The main fp-facilitator program is a backend server that is essentially
a dynamic database of client addresses, as well as helper programs that
receive client registrations from the Internet over various means and
pass them to the backend. There are three supported helper rendezvous
methods: HTTP, email, and appspot.

fp-reg-decrypt is a simple program that forwards its standard input to
a local fp-reg-decryptd process. It is used by other components as a
utility, but is also useful for debugging and testing.

fp-reg-decryptd accepts connections containing encrypted client
registrations and forwards them to the facilitator. It exists as a
process of its own so that only one program requires access to the
facilitator's private key.

The HTTP rendezvous uses an HTTP server and a CGI program. The HTTP
server is responsible for speaking TLS and invoking the CGI program.
The CGI program receives client registrations and proxy requests for
clients, parses them, and forwards them to the backend. We use Apache 2
as the HTTP server. The CGI script is fp-registrar.cgi. Currently this
is also the only method for accepting browser proxy registrations, so
you must enable this method, otherwise your clients will not be served.

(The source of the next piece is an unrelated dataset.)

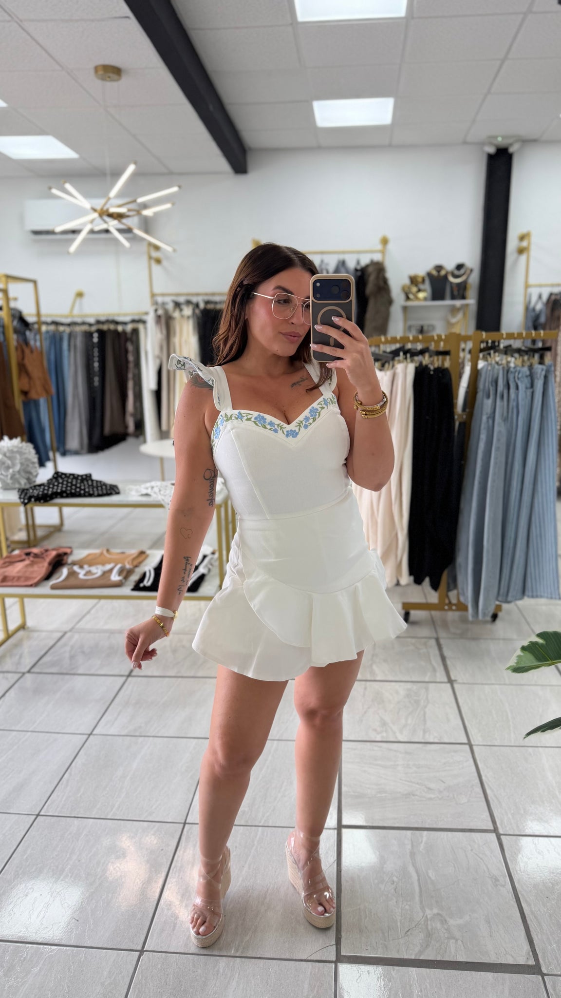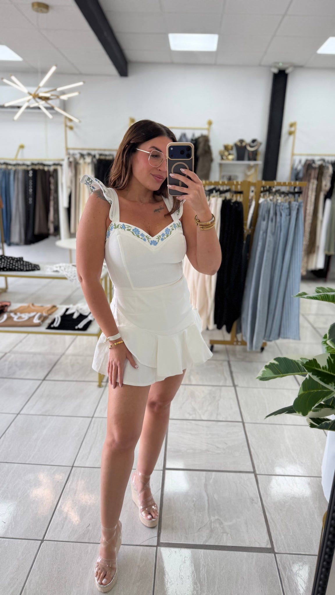 White Embroidered Romper

For the HTTP rendezvous, there are two formats you may use for a client
registration - plain vs. (end-to-end) encrypted. Direct registrations
(e.g. flashproxy-reg-http) can use the plain format over HTTPS, which
provides transport encryption; but if you proxy registrations through
another service (e.g. reg-appspot), you must use the end-to-end format.
On the client side, you may use flashproxy-reg-url to generate
registration URLs for the end-to-end encrypted format.

The email rendezvous uses the helper program fp-registrar-email.
Clients use the flashproxy-reg-email program to send an encrypted
message to a Gmail address. The poller constantly checks for new
messages and forwards them to fp-reg-decrypt.

The appspot rendezvous uses Google's appengine platform as a proxy for
the HTTP method, either yours or that of another facilitator. It takes
advantage of the fact that a censor cannot distinguish between a TLS
connection to appspot.com or google.com, since the IPs are the same,
and it is highly unlikely that anyone will try to block the latter.